Data extracted from a collection:

■ ■ ■ ■ ■ ■ ■

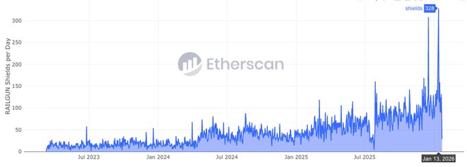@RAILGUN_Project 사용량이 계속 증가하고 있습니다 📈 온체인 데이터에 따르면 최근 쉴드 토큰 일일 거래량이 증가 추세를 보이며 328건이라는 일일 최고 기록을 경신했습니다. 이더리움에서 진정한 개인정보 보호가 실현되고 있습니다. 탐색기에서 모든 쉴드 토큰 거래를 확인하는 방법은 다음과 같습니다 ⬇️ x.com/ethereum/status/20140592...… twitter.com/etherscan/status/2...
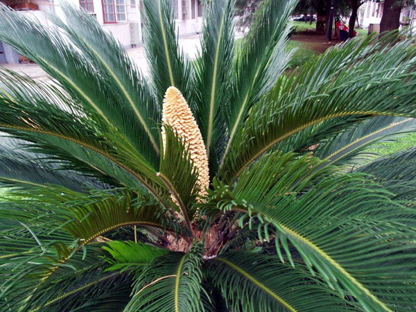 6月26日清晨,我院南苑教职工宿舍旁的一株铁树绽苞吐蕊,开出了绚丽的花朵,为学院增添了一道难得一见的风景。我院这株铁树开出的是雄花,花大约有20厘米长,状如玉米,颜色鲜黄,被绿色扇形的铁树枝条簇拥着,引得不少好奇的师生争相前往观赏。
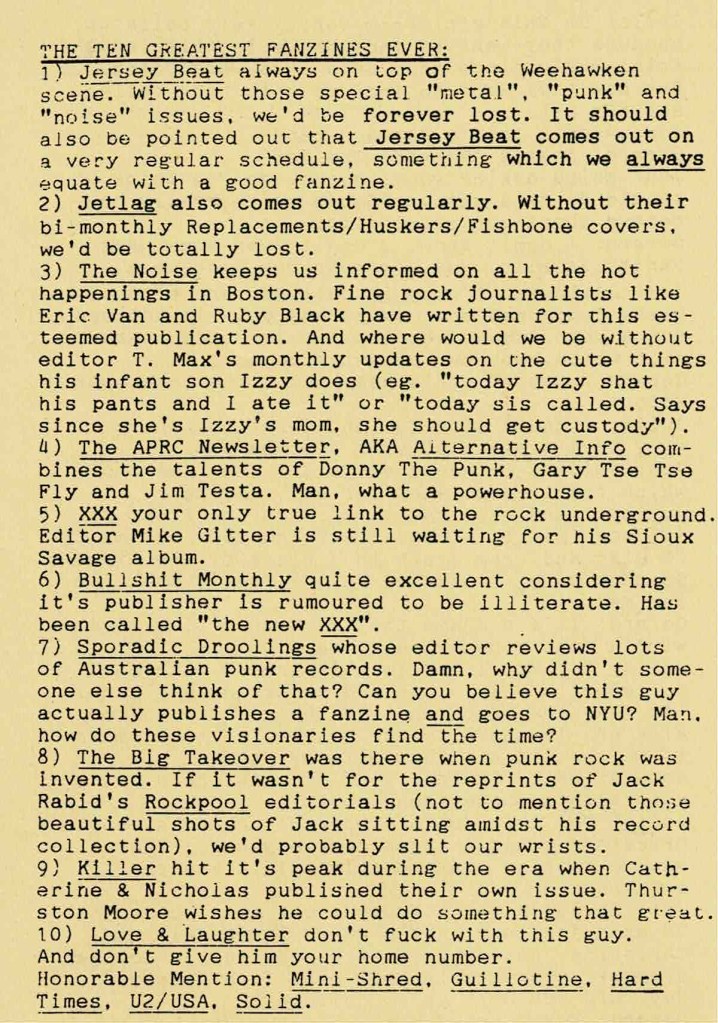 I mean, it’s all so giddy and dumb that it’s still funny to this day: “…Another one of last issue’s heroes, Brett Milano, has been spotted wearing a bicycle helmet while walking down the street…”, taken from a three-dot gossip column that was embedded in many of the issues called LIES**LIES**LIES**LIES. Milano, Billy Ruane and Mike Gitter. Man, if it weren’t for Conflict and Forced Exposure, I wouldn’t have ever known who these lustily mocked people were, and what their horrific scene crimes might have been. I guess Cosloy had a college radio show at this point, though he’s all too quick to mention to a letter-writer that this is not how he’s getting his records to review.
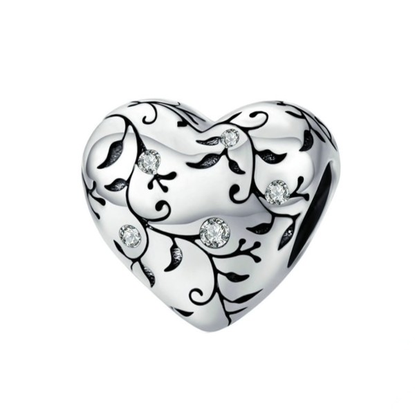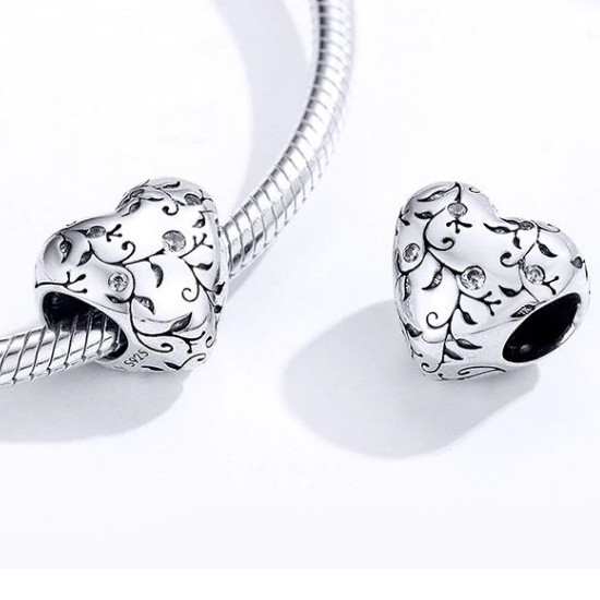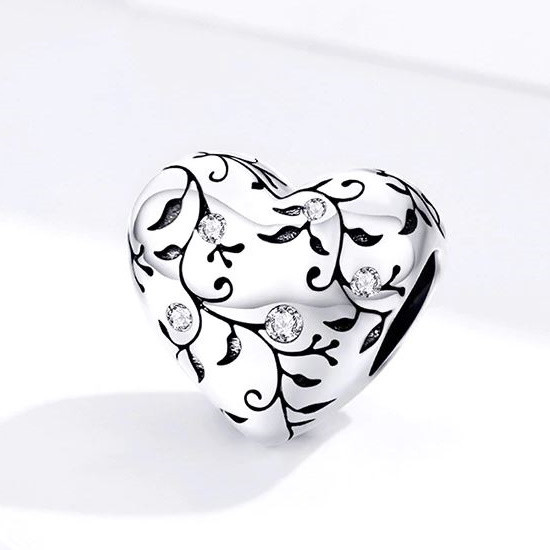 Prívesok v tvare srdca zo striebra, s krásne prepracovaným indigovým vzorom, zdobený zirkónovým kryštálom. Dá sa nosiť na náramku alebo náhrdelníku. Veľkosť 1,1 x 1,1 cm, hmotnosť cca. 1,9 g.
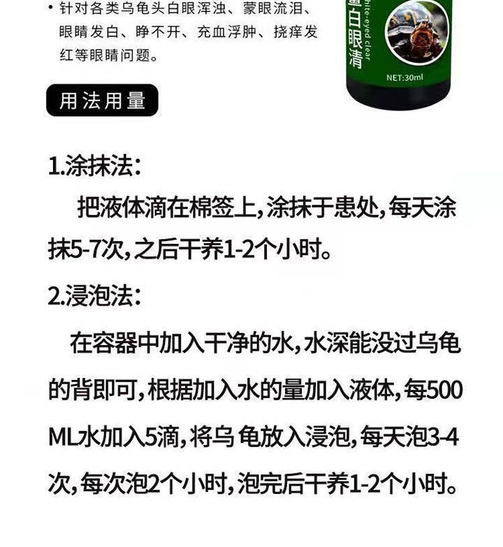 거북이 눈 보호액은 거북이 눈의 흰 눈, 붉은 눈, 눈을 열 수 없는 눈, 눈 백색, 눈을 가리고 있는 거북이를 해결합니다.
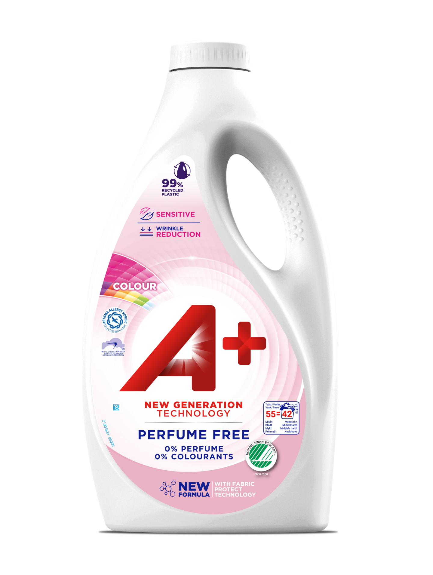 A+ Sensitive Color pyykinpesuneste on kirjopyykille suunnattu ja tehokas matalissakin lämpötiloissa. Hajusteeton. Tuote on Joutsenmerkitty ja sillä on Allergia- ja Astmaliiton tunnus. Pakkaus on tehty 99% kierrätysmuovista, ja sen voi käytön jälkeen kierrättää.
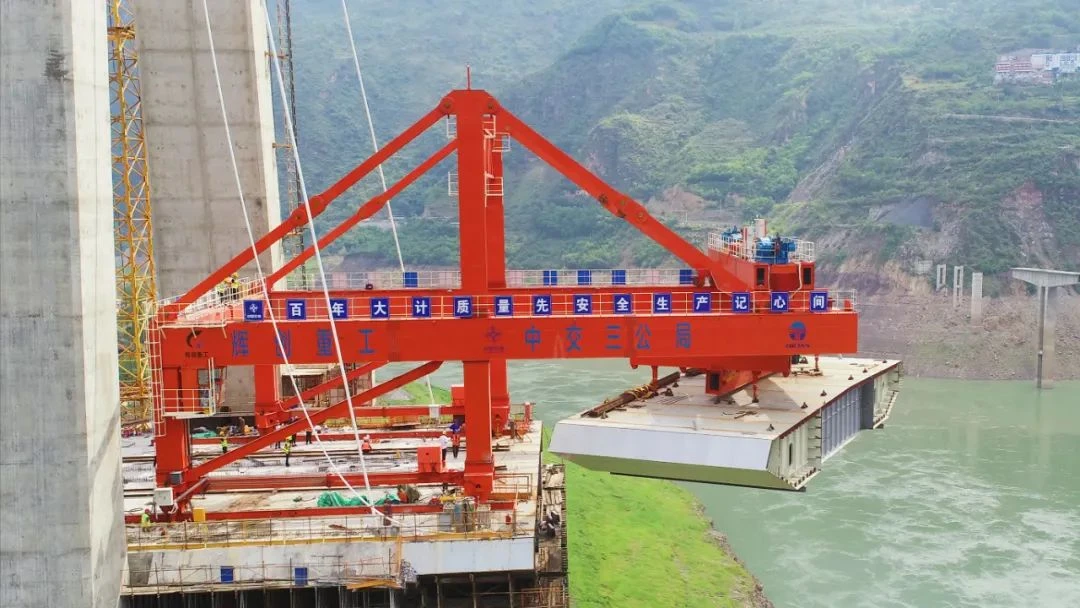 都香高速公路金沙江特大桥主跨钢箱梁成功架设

■ ■ ■ ■ ■ ■ ■

A word-for-word copy of the lines from the one with "A+ Sensitive Color" through the last line of the data above is required, with both end lines included and no pictures.

◆ Response box
 A+ Sensitive Color pyykinpesuneste on kirjopyykille suunnattu ja tehokas matalissakin lämpötiloissa. Hajusteeton. Tuote on Joutsenmerkitty ja sillä on Allergia- ja Astmaliiton tunnus. Pakkaus on tehty 99% kierrätysmuovista, ja sen voi käytön jälkeen kierrättää.
 都香高速公路金沙江特大桥主跨钢箱梁成功架设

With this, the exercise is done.